Example 8 is repeated except that the enzyme- containing tablet is coated with a delayed release coating and this coated tablet is immersed in the composition identified in Example 6 at the same time the contact lens is so immersed. The coating acts to delay the release of the enzyme-containing tablet in the composition for about 4 to about 8 hours. After the 12 hour period of time, it is found that the contact lens is disinfected and substantially all the antimicrobial peptide nanotubes are degraded. The disinfected lens is removed from the resulting composition, washed thoroughly with a preserved, buffered saline solution and placed in the wearer's eye for safe and comfortable wear.

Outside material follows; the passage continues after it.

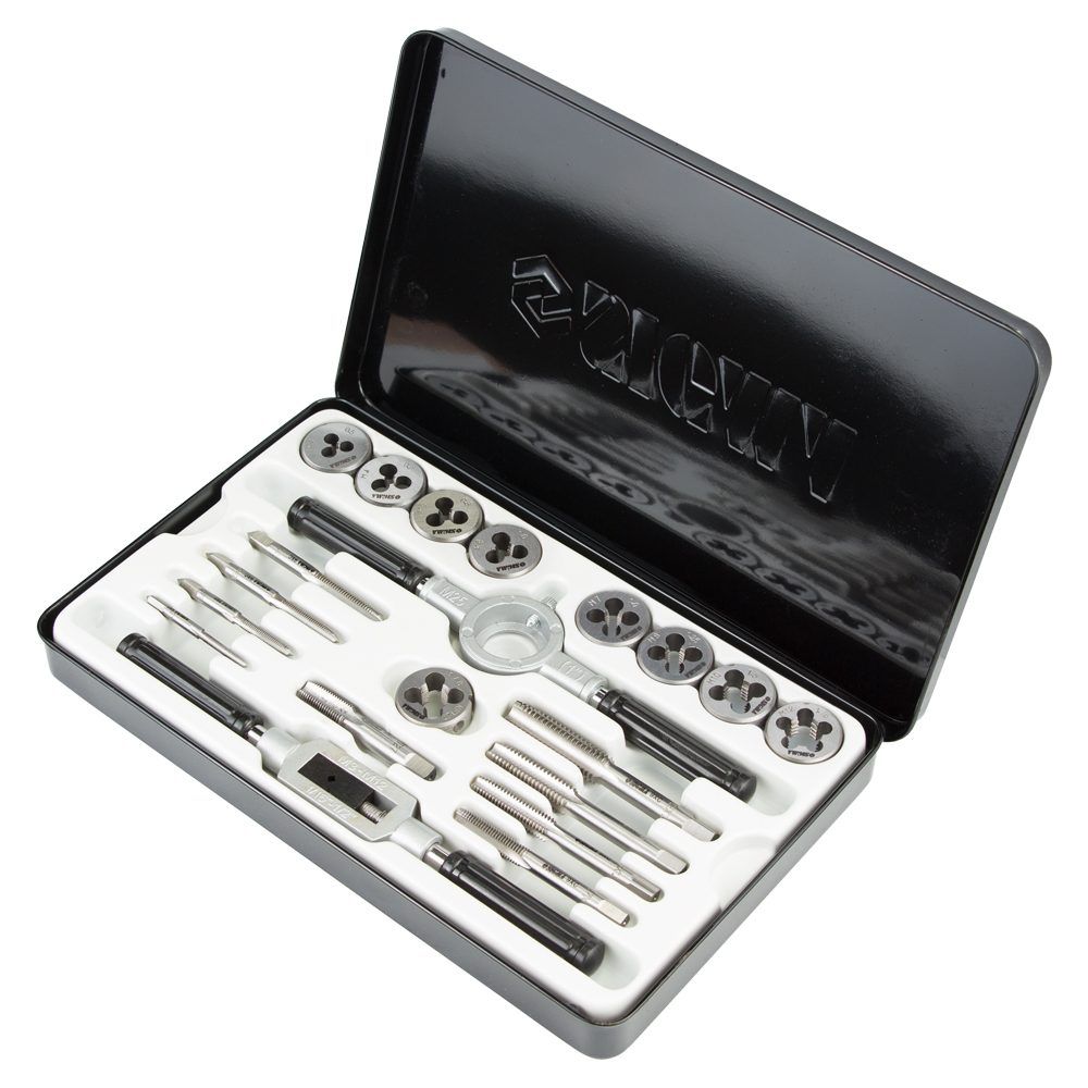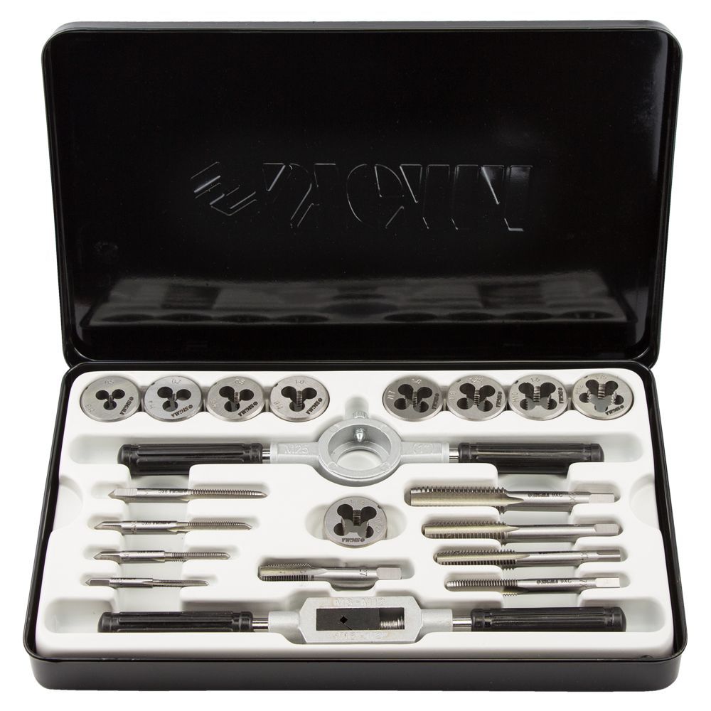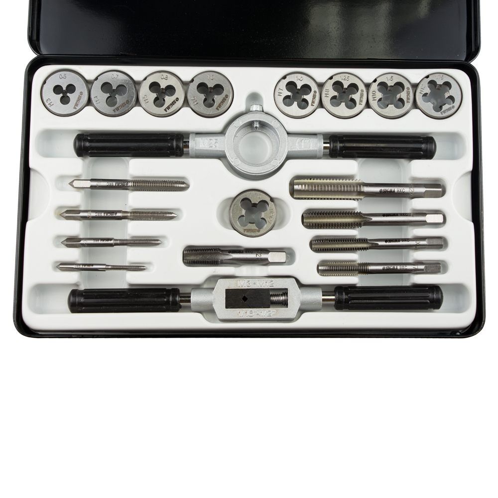 Набір плашок і мітчиків 20 предметів (металевий кейс) SIGMA (1643111) призначений для нарізування внутрішньої та зовнішньої метричної різьби на металевих виробах, для калібрування і відновлення пошкоджених ділянок різьблення. При нарізанні, різьблення, попередньо, змащують консистентним мастилом.

EXAMPLE 10 Example 7 is repeated except that the composition used includes only 5 ppm of cyclo [- (Trp-D-Leu) ₃ -Gln-D-Leu] and, in addition, includes 0.5 ppm PHMB. It is found that this composition disinfects the contact lens and that, after the lens is washed thoroughly with preserved, buffered saline solution, the disinfected contact lens can be placed in the wearer's eye for safe and comfortable wear. The present compositions and methods provide very effective antimicrobial activity useful in caring for, for example, disinfecting, contact lenses and in preserving contact lens care products. In addition, this antimicrobial activity is obtained without undue risk of irritating sensitive ocular tissue.

While this invention has been described with respect to various specific examples and embodiments, it is to be understood that the invention is not limited thereto and

that it can be variously practiced within the scope of the following claims.